# FHSST Physics/Momentum/Properties

Momentum The Free High School Science Texts: A Textbook for High School Students Studying Physics. Main Page - << Previous Chapter (Rectilinear Motion) - Next Chapter (Work and Energy) >> Definition - Momentum of a System - Change in Momentum - Properties - Impulse - Important Quantities, Equations, and Concepts

# What properties does momentum have?

You may at this stage be wondering why there is a need for introducing momentum. Remarkably momentum is a conserved quantity. Within an isolated system the total momentum is constant. No matter what happens to the individual bodies within an isolated system, the total momentum of the system never changes! Since momentum is a vector, its conservation implies that both its magnitude and its direction remains the same.

Momentum is conserved in isolated systems!

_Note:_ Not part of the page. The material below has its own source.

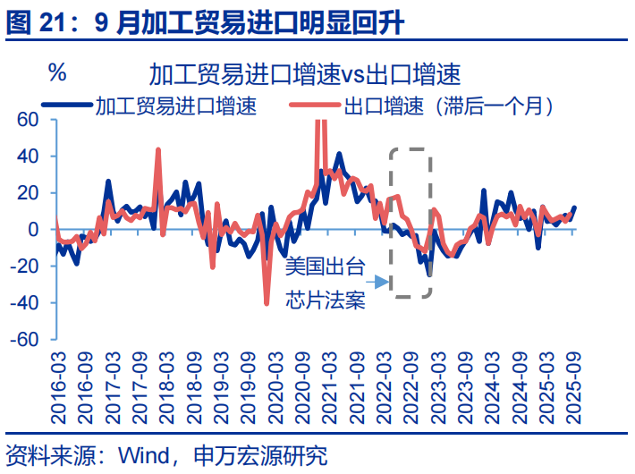出口:10月中美关税再生波折,“抢出口”或对10月出口形成支撑。10月10日美国威胁自11月起对中国所有商品加征100%关税,关税政策加码预期或再度引发对美“抢出口”。考虑到企业发货到报关出口存在时滞,10月最后一周港口外贸货运量冲高(+18pct至20%),或反映“抢出口”现象。加之9月加工贸易进口同比回升(+6.6pct至12%),预计10月出口同比或仍有韧性(7%)。

This Principle of Conservation of Linear Momentum is one of the most fundamental principles of physics and it alone justifies the definition of momentum. Since momentum is related to the motion of objects, we can use its conservation to make predictions about what happens in collisions and explosions. If we bang two objects together, by conservation of momentum, the total momentum of the objects before the collision is equal to their total momentum after the collision.

 Principle of Conservation of Linear Momentum: The total linear momentum of an isolated system is constant. or In an isolated system the total momentum before a collision (or explosion) is equal to the total momentum after the collision (or explosion).

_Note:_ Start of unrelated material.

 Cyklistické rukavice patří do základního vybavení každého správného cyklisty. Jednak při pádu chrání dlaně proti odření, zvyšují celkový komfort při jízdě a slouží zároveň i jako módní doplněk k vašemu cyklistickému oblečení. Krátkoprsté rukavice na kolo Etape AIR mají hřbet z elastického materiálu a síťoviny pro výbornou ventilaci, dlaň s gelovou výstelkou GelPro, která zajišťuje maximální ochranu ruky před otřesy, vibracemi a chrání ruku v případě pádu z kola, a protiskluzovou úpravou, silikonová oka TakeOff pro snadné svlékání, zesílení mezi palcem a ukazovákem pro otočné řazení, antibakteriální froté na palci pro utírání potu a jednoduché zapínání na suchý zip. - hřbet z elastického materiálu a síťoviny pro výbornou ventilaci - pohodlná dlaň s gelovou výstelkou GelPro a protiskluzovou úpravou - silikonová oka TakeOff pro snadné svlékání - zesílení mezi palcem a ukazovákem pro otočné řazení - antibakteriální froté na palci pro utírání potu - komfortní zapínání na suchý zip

Let us consider a simple collision of two pool or billiard balls. Consider the first ball (mass m1) to have an initial velocity (${\overrightarrow {u_{1}}}$ ). The second ball (mass m2) moves towards the first ball with an initial velocity ${\overrightarrow {u_{2}}}$ . This situation is shown in Figure 6.1. If we add the momenta of each ball we get a total momentum for the system. This total momentum is then

${\begin{matrix}{\overrightarrow {p}}_{total\ before}=m_{1}{\overrightarrow {u_{1}}}+m_{2}{\overrightarrow {u_{2}}},\end{matrix}}$
 File:Fhsst mom2.png Figure 6.1: Before the collision. Figure 6.2: After the collision.

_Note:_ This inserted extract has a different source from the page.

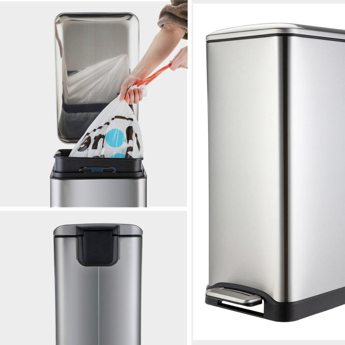 Homfa Stainless Steel Trash Can Silent Close Lid 13 Gallons Waste Bin Kitchen Garbage Can With Removal Inner Basket For Home And Office Grey Walmart Com

After the two balls collide and move away they each have a different momentum. If we call the final velocity of ball 1 ${\overrightarrow {v_{1}}}$  and the final velocity of ball 2 ${\overrightarrow {v_{2}}}$  (see Figure 6.2), then the total momentum of the system after the collision is

${\begin{matrix}{\overrightarrow {p}}_{total\ after}=m_{1}{\overrightarrow {v_{1}}}+m_{2}{\overrightarrow {v_{2}}},\end{matrix}}$

This system of two balls is isolated since there are no external forces acting on the balls. Therefore, by the principle of conservation of linear momentum, the total momentum before the collision is equal to the total momentum after the collision. This gives the equation for the conservation of momentum in a collision of two objects,

 $m_{1}{\overrightarrow {u_{1}}}+m_{2}{\overrightarrow {u_{2}}}=m_{1}{\overrightarrow {v_{1}}}+m_{2}{\overrightarrow {v_{2}}}$ m1 : mass of object 1 (kg) m2 : mass of object 2 (kg) ${\overrightarrow {u_{1}}}$ : initial velocity of object 1 (m.s-1 + direction) ${\overrightarrow {u_{2}}}$ : initial velocity of object 2 (m.s-1 + direction) ${\overrightarrow {v_{1}}}$ : final velocity of object 1 (m.s-1 + direction) ${\overrightarrow {v_{2}}}$ : final velocity of object 2 (m.s-1 + direction)

This equation is always true - momentum is always conserved in collisions.

The chapter `Collisions and Explosions' deals with applications of momentum conservation.